Federal Public Sector Labour Relations and Employment Board

Board overview
- Formed: November 1, 2014
- Preceding agencies: Public Service Labour Relations Board; Public Service Staffing Tribunal;
- Type: quasi-judicial statutory tribunal
- Headquarters: C.D. Howe Building, 240 Sparks St., Ottawa, ON;
- Minister responsible: Joël Lightbound, Minister of Public Services and Procurement;
- Board executive: Edith Bramwell, Chairperson;
- Key document: Federal Public Sector Labour Relations and Employment Board Act;
- Website: https://fpslreb-crtespf.gc.ca/

= Federal Public Sector Labour Relations and Employment Board =

Independent quasi-judicial tribunal in Canada

The Federal Public Sector Labour Relations and Employment Board (FPSLREB; Commission des relations de travail et de l’emploi dans le secteur public fédéral, LCRTESPF) is an independent quasi-judicial tribunal that administers the collective bargaining and "grievance adjudication systems" in Canada's federal public service and in Parliament.

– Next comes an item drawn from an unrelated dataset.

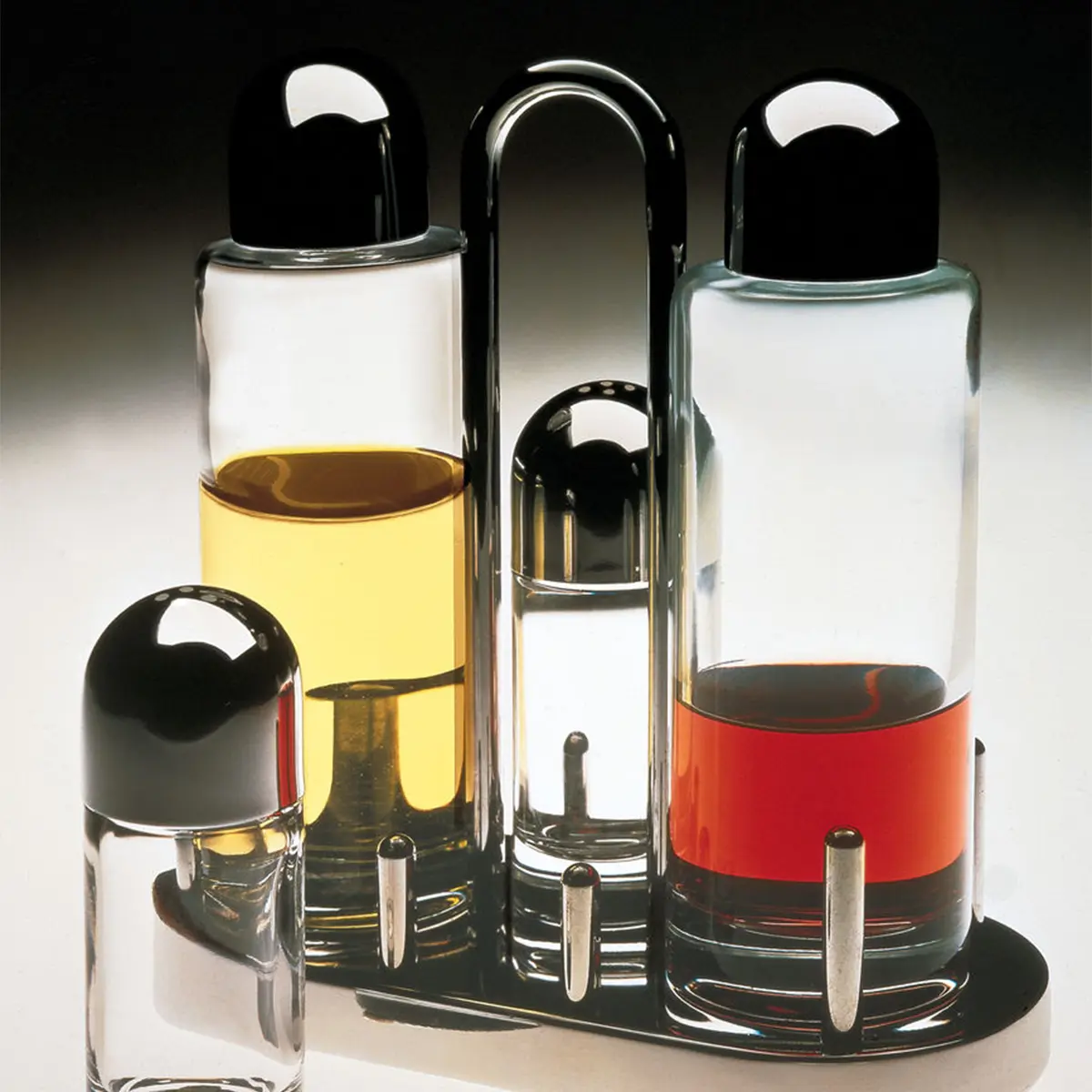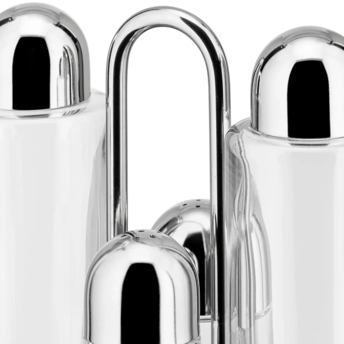 Con este juego de condimientos de 4 piezas de acero inoxidable Alessi podrás tener el aceite, el vinagre, la sal y la pimienta ordenados en un mismo lugar y traerlos a la mesa cómodamente para que todo el mundo se aliñe la comida a su gusto. Es mucho más práctico tenerlo en un mismo juego que tener que traer cuatro piezas por separado.

It formed on 1 November 2014 through the merger of the former Public Service Labour Relations Board and the former Public Service Staffing Tribunal. It resolves labour relations issues and staffing complaints among federal public servants through adjudication and mediation.

== History ==
The Public Service Labour Relations Board (Commission des relations de travail dans la fonction publique) was an independent quasi-judicial statutory tribunal that reported to Parliament through the Minister of Public Services and Procurement. It was responsible for administering the collective bargaining and grievance adjudication systems in the federal public service and in Parliament. Moreover, by agreement with the Government of the Yukon, the Board also administered the collective bargaining and grievance adjudication systems under the Yukon Education Staff Relations Act and the Yukon Public Service Staff Relations Act.

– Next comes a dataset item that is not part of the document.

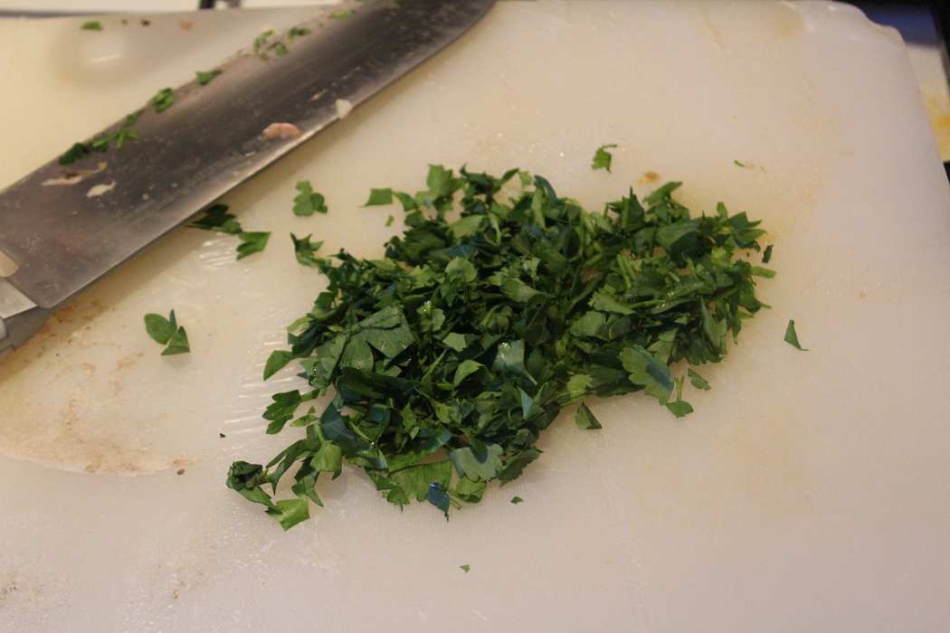 In der Zwischenzeit kann man schon ein bisschen Gemüse schneiden.

In 2003, a new Public Service Labour Relations Act was passed by Parliament (S.C. 2003, c.22), coming into force on 1 April 2005, replacing the Public Service Staff Relations Act (R.S.C., 1985, c. P-35). In 2014, the Board was merged with the Public Service Staffing Tribunal under the Federal Public Sector Labour Relations and Employment Board Act to form the Federal Public Sector Labour Relations and Employment Board. As such, today's Board is responsible for the duties that were previously dealt with by the former tribunals under the Federal Public Sector Labour Relations Act and the Public Service Employment Act, respectively.

== Organization ==

=== Members ===
The Board is composed of a chairperson, up to 2 vice-chairpersons, up to 12 full-time members, and additional part-time members as required. The Governor in Council appoints full-time Board members for terms of no longer than 5 years and part-time Board members for terms of up to 3 years, and may be re-appointed any number of times.

As of 25 April 2021, full-time members include:

- Edith Bramwell, Chairperson
- Amélie Lavictoire, Vice-chairperson
- Audrey Lizotte, Vice-chairperson

- Adrien Bieniasiewicz
- Pierre-Marc Champagne
- Caroline Engmann
- Goretti Fukamusenge
- Bryan R. Gray
- Patricia Harewood
- Asha M. Kurian
- Nicholas Pernal
- Christopher Rootham
- Nancy Rosenberg
- Brian Russell

and 11 part-time board members
=== Legislation and clients ===
Under the Federal Public Sector Labour Relations and Employment Board Act, the Board is responsible for interpreting and applying the following legislation:

- Federal Public Sector Labour Relations Act (FPSLRA) — Collective bargaining and grievance adjudication systems for the federal public sector and Parliament, as well as RCMP members and reservists.
- Public Service Employment Act (PSEA) — Complaints related to internal appointments, appointment revocations, and lay-offs in the federal public service.
- Canadian Human Rights Act — Human rights issues in grievances and complaints under FPSLRA and PSEA.
- Parliamentary Employment and Staff Relations Act — Collective bargaining and grievance adjudication for the institutions of Parliament.
- Public Sector Equitable Compensation Act — Pay equity complaints in the federal public service. This Act is to be repealed and replaced by the Pay Equity Act, which received royal assent on 13 December 2018 but is not yet in force.
- Canada Labour Code, Part II — Complaints related to workplace health and safety and reprisals in the federal public service.

The Treasury Board of Canada, employing over 279,000 public servants in 27 bargaining units, is the main employer covered by the Board's mandate. The majority (60%) of unionized federal public service employees are represented by the Public Service Alliance of Canada, while 23% are represented by the Professional Institute of the Public Service of Canada as the second-largest bargaining agent, and 17% are represented by the other 25 bargaining units.